Saturday, January 7, 2017

Hudson's Bay security made wrongful arrest of cookware shopper, experts say

shopper attacked

BURNABY, B.C. Jan 7 2017- How did it go wrong? Let the experts count the ways.
When a Burnaby man was allegedly injured by Hudson's Bay security last week, the security guards blew it, disregarding law and security protocol, a lawyer and a security expert say.
"They skipped right to Step 5," said Brian Farr, who has 20 years experience in commercial and corporate theft prevention. "As far as I'm concerned, he was assaulted if what he says is true.
"If you assault and use force on this person, you better have a very good reason."
Sean McQuillan, a 33-year-old accountant from Burnaby, said he was grabbed, forced to the ground, his face shoved into the pavement, then handcuffed and marched through Lougheed Town Centre and The Bay last week after he'd left the mall with a slow cooker and a panini press he'd paid for with his debit card.

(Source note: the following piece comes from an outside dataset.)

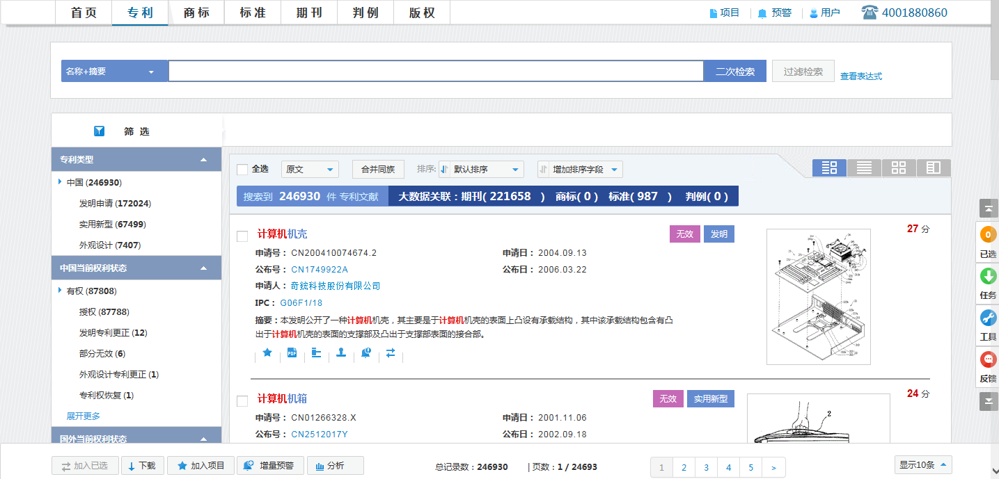 筛选工具栏:对检索结果依国别、专利类型、权利状态、IPC分类等10个字段进行筛选

The receipt was in his pants pocket.
"Even if the guards had a reasonably held belief (that McQuillan had shoplifted), they can't use any more force than is necessary to make an arrest," criminal lawyer Kevin Westell said. "The guy (McQuillan) looks pretty banged up to me.

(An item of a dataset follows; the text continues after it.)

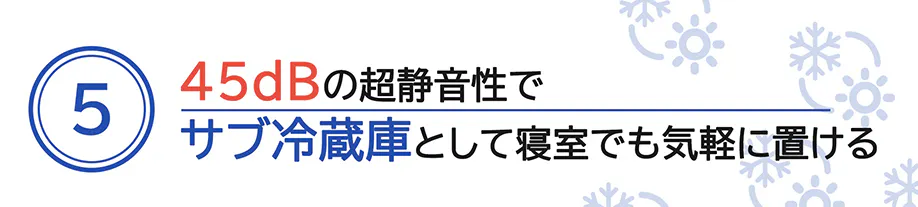 動作音がわずか45dBなのでキャンプ、ご自宅やオフィスのセカンド冷蔵庫として、置き場所を選ばずあらゆる場所で快適に使用できます。

"In the words of the victim, it seems he didn't put up much resistance. He was pretty much assaulted."
The Bay has declined to comment on the incident, other than to say it takes it seriously and is investigating.

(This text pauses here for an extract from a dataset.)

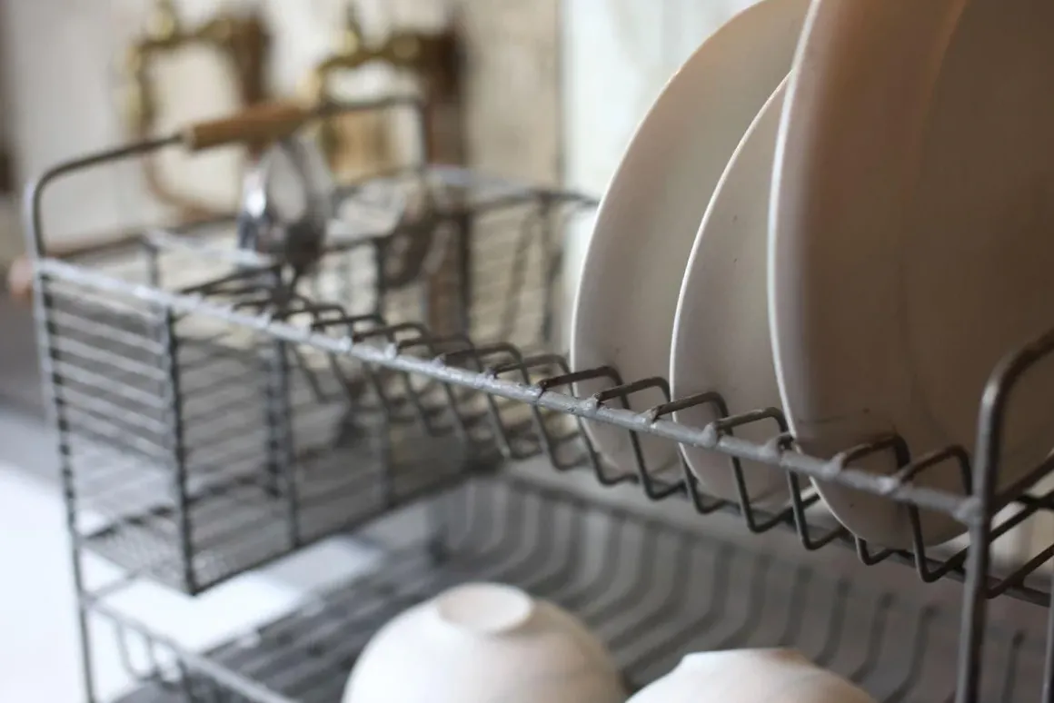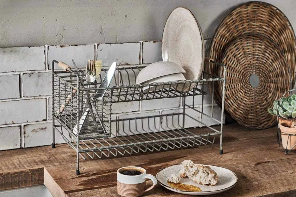 Our Tilmo Dish Rack is a stylish take on an everyday item. This industrial looking metal rack comes in a distressed grey finish. It contains practical plate racks and storage compartments for drying utensils. Who would have thought you could make washing up such a stylish chore

Westell said security guards, or anyone for that matter, can make a citizen's arrest.
According to the Criminal Code there are seven steps to making a legal citizen's arrest in Canada and in this case it seems security guards failed to follow at least four of them.
For instance, according to McQuillan they did not identify themselves or read him his rights.
Nor, Farr said, did they have a right to have McQuillan empty his pockets in search of a receipt.
"The police can process you, security cannot process you, they have no right," Farr said. "Security cannot search for a receipt or a stolen item.
"And continuity is big, you can't lose sight of them in the store."
He said Bay security did not have continuity and did not see McQuillan pay for the items before following him out of the store. If they had, logic dictates they would not have tackled him.
McQuillan said once he produced his receipt he was released (he immediately returned the kitchen items and got his money refunded) and was directed to call James Petrowsky, a loss prevention manager at HBC's Western headquarters. When he got through to Petrowsky, McQuillan said the Hudson's Bay official asked if there was anything that could be done to make him comfortable shopping at The Bay again.
"Usually in a case like this, they'll settle for $30,000 or $40,000 within three weeks," Farr said. "That's to keep his mouth shut."
"Were they right in arresting this fellow? No," Farr said. "Should he have been arrested because his items weren't in a bag? No.

"Is it worth $30,000 (to the Bay) for $100 (in merchandise)? No, it's not."